Обдумывая рассказ Эмми, я вдруг вспомнил слова декана нашего факультета, который на первой встрече знакомства с первокурсниками произнес сакраментальную фразу: «Вы встали в очередь за дипломом. Для тех, кто хочет учиться, проблем не будет, а вот бездельникам и лентяям мы за пять лет всё равно вобьём в головы тот минимум знаний, который вы будете использовать в дальнейшей профессиональной деятельности». Из этого напутствия я извлёк для себя урок – учиться придётся при любом раскладе, а значит, концентрироваться на тех знаниях, которые в дальнейшем станут базисом развития. Следовательно, пока я не обладаю необходимым набором понятий о законах Эфира, нужно продолжить изучать эту субстанцию, пока не накопится критическая масса и решение не придёт само. Однако, что мы имеем? Главное из сказанного моей спутницей – это возможность настроиться на одну волну. Но для чего? Старик вывел её из депрессивного состояния за счёт очень приятных воспоминаний. А что если мы сможем объединить наши плазменные компьютеры в виртуальную сеть? Какие преимущества у нас появятся и не повысит ли это нашу уязвимость? Уязвимость от кого? От эфирных хакеров, пытающихся взломать наши воспоминания? Ну, взломали и порылись. Нашли в уголках подсознания тайны денежных вкладов, зарытых сокровищ и угрызений совести. Дальше что? Использовать это здесь невозможно. Тут проблема не в материальном, а в терабайтах памяти и процессах обмена между непонятно какими устройствами. Пожалуй, не стоит копаться в том, что необъяснимо, проще определять то, что всплывает на поверхность. Туманная фраза «Принять, пройти через себя и вернуться обратно, чтобы понять, что всё не так, как представляешь» в принципе может дать начало к действию. Тут основной глагол «пройти», вот и пойдём!
– Эмми… Эмми! Эмми, где ты? Ты меня слышишь? Отзовись!
Я не вижу её и не слышу. Что происходит? Я совсем не готов потерять Эмми. Чёрт!
Надо собраться, взять себя в руки. Я мыслю, как будто я всё еще на земле. Что же мне делать? Мой микроскопический мозг отказывается соображать и нормально функционировать. Туман и мгла вокруг, пустота внутри…
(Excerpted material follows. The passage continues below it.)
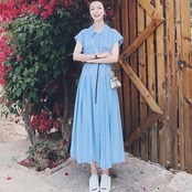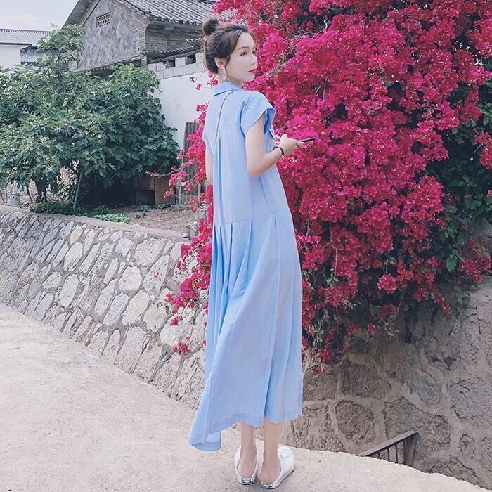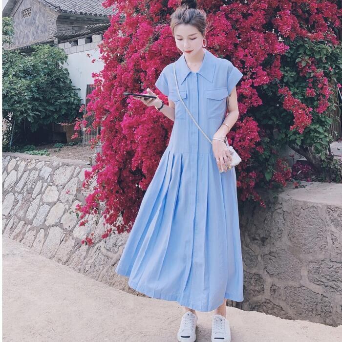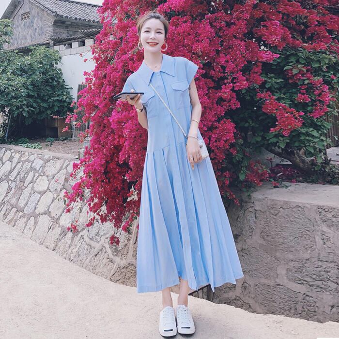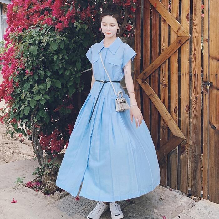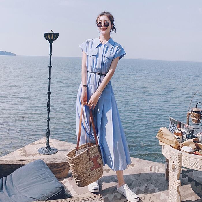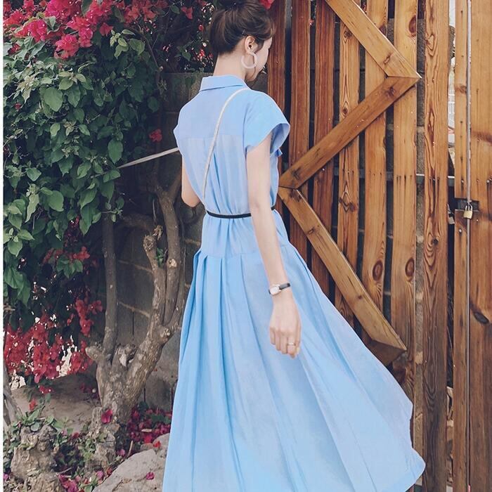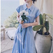 爽やかなブルーカラーのシャツワンピース。

Когда мы теряем близких, ощущаем липкое и тошнотворное чувство пустоты. Сознание не сразу адаптируется к потере. Каждая мысль пронизана воспоминанием былых времён, проведённых с ушедшим, его образ, слова, улыбка и многое другое наталкивают на простой вывод: этот человек незаменим никем из ныне живущих. Лично для тебя он абсолютно индивидуален, и это делает потерю непереносимой. Иногда смерть избавляет твоих любимых от боли и мук, но всегда становится воплощением боли для тебя. Ты продолжаешь жить в привычном мире, полном всевозможных обязанностей, контактов, информации, где некогда порой сосредоточиться на собственном горе. Ты ешь, спишь, говоришь и делаешь еще множество дел, которые нагружают мозг и тело, заставляя отодвинуть глубоко внутрь эмоциональные всплески, вызванные потерей. Малознакомая девушка не была мне близка, но здесь, в Эфире, где я остался в полном одиночестве, мысли об её потере сравнимы лишь с мыслями о собственной кончине. Смерть не так ужасна, как мысли о ней. Мне захотелось умереть второй раз.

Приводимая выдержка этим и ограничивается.